EDITOR'S COLUMN: Mount Saint Helens finally speaks

We spent the weekend at Mount St. Helens where we accomplished a reportorial coup by gaining an exclusive interview with the giant steaming molehill.

Reporter: First, the name. Are you really a saint, and why the plural?” Are you two Helens, or one with a split personality?

St. Helens: According to “Catholic Online,” St. Helen was a martyred virgin. Maybe I’m two martyred virgins, but I don’t know. I can’t imagine who may have martyred us. The confusion makes me so mad that I could explode. My psychiatrist says my volcanic activity may by a symptom of my identity crisis.

Reporter: Speaking of your volcanic activity, a lot has changed since your last big one in 1980. If you lived in Island County today, you couldn’t even explode without a burning permit, unless you kept the explosion less than 4-feet in diameter. Even your steam venting on Saturday could have resulted in a big fine had the sheriff been driving by.
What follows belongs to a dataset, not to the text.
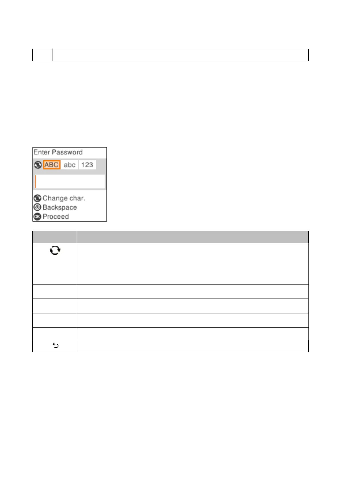 e displayed screen varies depending on the setting items. e following is the screen for entering the password

St. Helens: Tell me about it. I’ve already heard from the Northwest Air Pollution Authority. That’s why my latest eruption didn’t happen last weekend. I was filling out the paperwork.
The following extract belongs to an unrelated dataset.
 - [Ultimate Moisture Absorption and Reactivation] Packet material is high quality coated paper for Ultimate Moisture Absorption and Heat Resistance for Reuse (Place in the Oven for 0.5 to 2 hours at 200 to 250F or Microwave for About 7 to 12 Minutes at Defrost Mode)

Reporter: I didn’t know the air pollution monitors were so tough.

St. Helens: That’s not the half of it. I’m surrounded by salmon streams and they say if I pour any ash into them my caldera is cooked. I can’t pollute the sky or the water. Being a volcano isn’t half the fun it used to be.

Reporter: There must still be some benefit to exploding, or you wouldn’t be fixing to do it again.

St. Helens: Oh, the explosive blast feels great; it relieves that inner stress that’s been building up for so long. And while we do have a noise ordinance in this area, someone has to complain before the authorities will enforce it, just like they do in Island County. As we volcanoes say, “Only survivors complain.” Ha, ha.

Reporter: Back in ‘80, you instantly clearcut thousands of acres of trees and destroyed numerous homesteads. Aren’t the authorities hassling you about that this time around?

St. Helens: No, bless their hearts. They’re not at all interested in what happens to people’s property rights. I can bury their property in a mile of mud and nobody cares, as long as I avoid the salmon streams.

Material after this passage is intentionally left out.